Suppose a, b, c `in C, and |a| = |b| = |c| = 1 and abc = a + b + c`, then |bc + ca + ab| is equal to

To solve the problem, we need to find the value of \(|bc + ca + ab|\) given that \(a, b, c \in \mathbb{C}\) (the set of complex numbers), \(|a| = |b| = |c| = 1\), and \(abc = a + b + c\). ### Step-by-Step Solution: 1. **Given Conditions**: We know that \(|a| = |b| = |c| = 1\). This means that \(a\), \(b\), and \(c\) lie on the unit circle in the complex plane. 2. **Using the Given Equation**: We have the equation \(abc = a + b + c\).
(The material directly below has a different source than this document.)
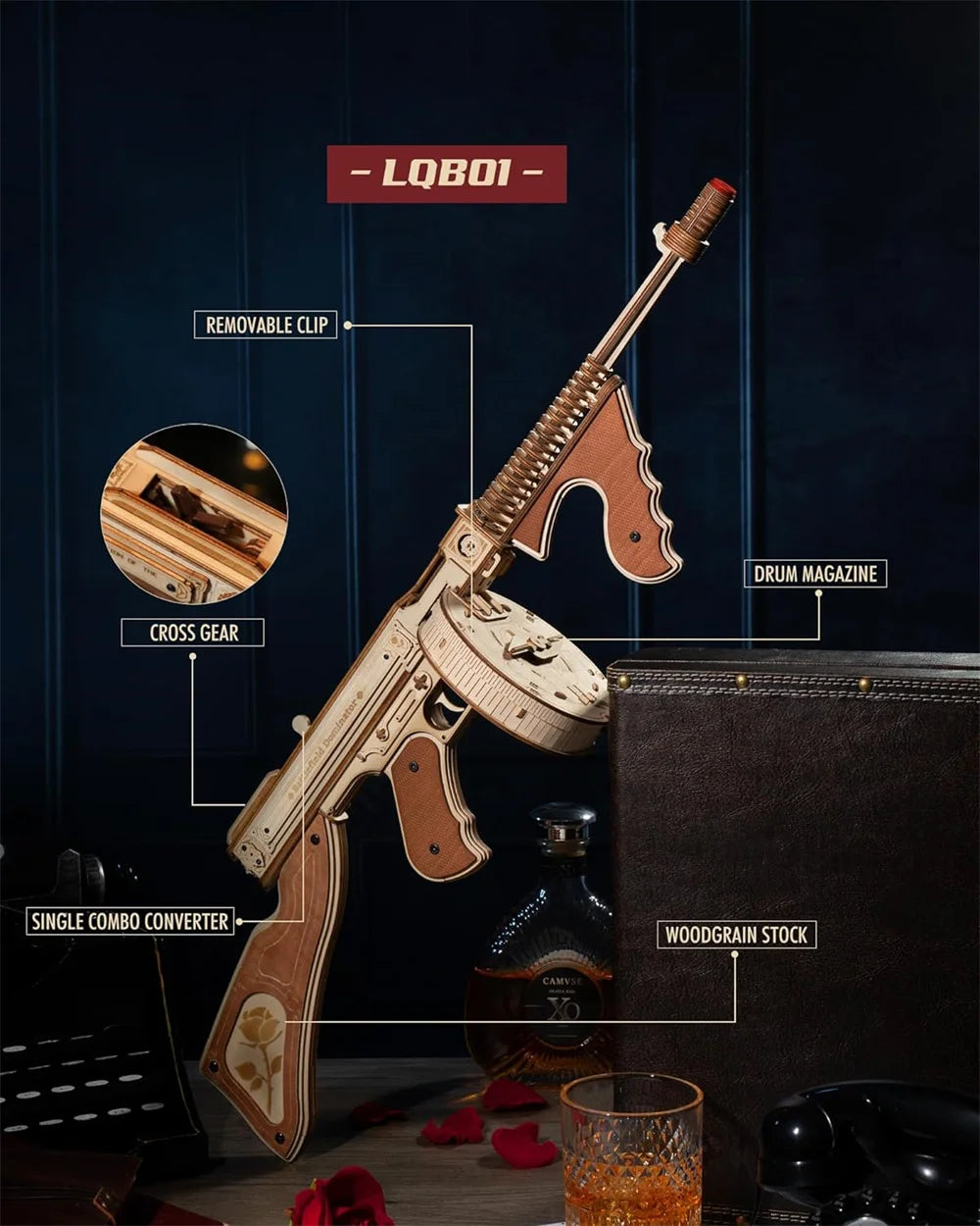 Experience the thrill of craftsmanship with this highly detailed wooden model kit, inspired by the iconic Thompson Submachine Gun (M1928). From the authentic circular cooling barrel and press-loading magazine to the distinctive stock and frame, this 3D puzzle recreates the classic visual and mechanical elements of the legendary firearm with remarkable accuracy.

We will take the modulus of both sides: \[ |abc| = |a + b + c| \] 3. **Calculate \(|abc|\)**: Since \(|a| = |b| = |c| = 1\), we have: \[ |abc| = |a| \cdot |b| \cdot |c| = 1 \cdot 1 \cdot 1 = 1 \] Therefore, we can write: \[ |a + b + c| = 1 \] 4. **Using the Identity**: We know that: \[ |a + b + c|^2 = |a|^2 + |b|^2 + |c|^2 + 2 \text{Re}(ab^* + ac^* + bc^*) \] Since \(|a|^2 = |b|^2 = |c|^2 = 1\), we have: \[ |a + b + c|^2 = 1 + 1 + 1 + 2 \text{Re}(ab^* + ac^* + bc^*) = 3 + 2 \text{Re}(ab^* + ac^* + bc^*) \] 5. **Setting Up the Equation**: Since we know \(|a + b + c| = 1\), we can square both sides: \[ 1^2 = 3 + 2 \text{Re}(ab^* + ac^* + bc^*) \] This simplifies to: \[ 1 = 3 + 2 \text{Re}(ab^* + ac^* + bc^*) \] Rearranging gives: \[ 2 \text{Re}(ab^* + ac^* + bc^*) = 1 - 3 = -2 \] Thus: \[ \text{Re}(ab^* + ac^* + bc^*) = -1 \] 6. **Finding \(|bc + ca + ab|\)**: We can express \(bc + ca + ab\) in terms of \(a\), \(b\), and \(c\): \[ |bc + ca + ab| = |(b+c)a + bc| \] However, we can also use the identity: \[ |bc + ca + ab|^2 = |bc|^2 + |ca|^2 + |ab|^2 + 2 \text{Re}(bc \cdot ca^* + ca \cdot ab^* + ab \cdot bc^*) \] Since \(|bc| = |ca| = |ab| = 1\): \[ |bc + ca + ab|^2 = 1 + 1 + 1 + 2 \text{Re}(bc \cdot ca^* + ca \cdot ab^* + ab \cdot bc^*) \] This simplifies to: \[ |bc + ca + ab|^2 = 3 + 2 \text{Re}(bc \cdot ca^* + ca \cdot ab^* + ab \cdot bc^*) \] 7. **Final Calculation**: Since we have established that \(\text{Re}(ab^* + ac^* + bc^*) = -1\), we can conclude that: \[ |bc + ca + ab| = 1 \] ### Conclusion: Thus, the value of \(|bc + ca + ab|\) is equal to \(1\).